EXERCISE >> Set down all of the data exactly. Pictures stay out of the copy.

MATERIAL PROVIDED >>
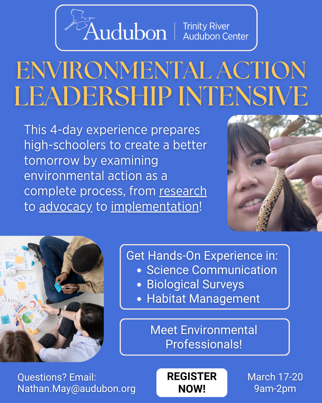 This Spring break, Trinity River Audubon Center is proud to launch its Environmental Action Leadership Intensive. This 4-day program meets 9am-2pm at...
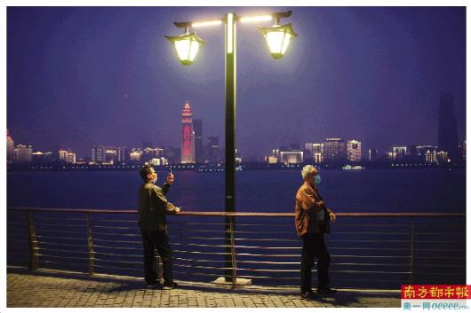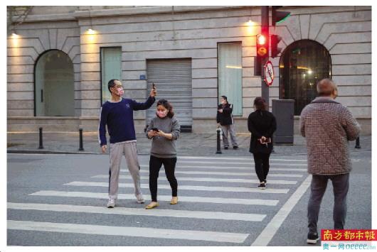 3月23日,中山大道,过马路的市民拿出手机拍摄城市夜景。
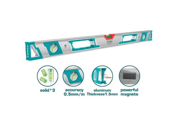 Уровень магнитный 1500мм TOTAL TMT215086M Длина 1500мм Количество глазок 3 шт. Наличие магнита - да Уровень магнитный TOTAL TMT215086M — измерительный прибор, определяющий отклонение поверхности по горизонтали и вертикали. Оснащен двумя мощными магнитами. Точность пузырьков составляет 0,5 мм/м, что обеспечивается двухсторонним фрезерованием поверхности изделия. Алюминиевый корпус толщиной 1,5 мм обладает прочностью и выдерживает значительные нагрузки.
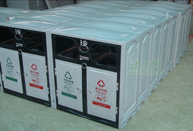 ? 欣方圳產(chǎn)品型號為A113玻璃鋼仿大理石垃圾桶的產(chǎn)品規(guī)格為:850*370*940mm,這批由我公司專門為海洋性氣候設(shè)置的垃圾桶,其材質(zhì)為:蓋、側(cè)板、門均采用(Bmc)高分子復(fù)合團狀模塑料高溫模壓成型。前板、后板、投放口、底板、內(nèi)桶均采用(SMC)高分子復(fù)合片狀模塑料高溫模壓成型,造型美觀;具有抗腐蝕、抗酸堿,防潮,抗紫外線在自然條件下能耐高低溫,沒有回收盜用價值,非常適合在沿海城市里投入使用。

SOLUTION FOR THIS EXERCISE >>
 This Spring break, Trinity River Audubon Center is proud to launch its Environmental Action Leadership Intensive. This 4-day program meets 9am-2pm at...
 3月23日,中山大道,过马路的市民拿出手机拍摄城市夜景。
 Уровень магнитный 1500мм TOTAL TMT215086M Длина 1500мм Количество глазок 3 шт. Наличие магнита - да Уровень магнитный TOTAL TMT215086M — измерительный прибор, определяющий отклонение поверхности по горизонтали и вертикали. Оснащен двумя мощными магнитами. Точность пузырьков составляет 0,5 мм/м, что обеспечивается двухсторонним фрезерованием поверхности изделия. Алюминиевый корпус толщиной 1,5 мм обладает прочностью и выдерживает значительные нагрузки.
 ? 欣方圳產(chǎn)品型號為A113玻璃鋼仿大理石垃圾桶的產(chǎn)品規(guī)格為:850*370*940mm,這批由我公司專門為海洋性氣候設(shè)置的垃圾桶,其材質(zhì)為:蓋、側(cè)板、門均采用(Bmc)高分子復(fù)合團狀模塑料高溫模壓成型。前板、后板、投放口、底板、內(nèi)桶均采用(SMC)高分子復(fù)合片狀模塑料高溫模壓成型,造型美觀;具有抗腐蝕、抗酸堿,防潮,抗紫外線在自然條件下能耐高低溫,沒有回收盜用價值,非常適合在沿海城市里投入使用。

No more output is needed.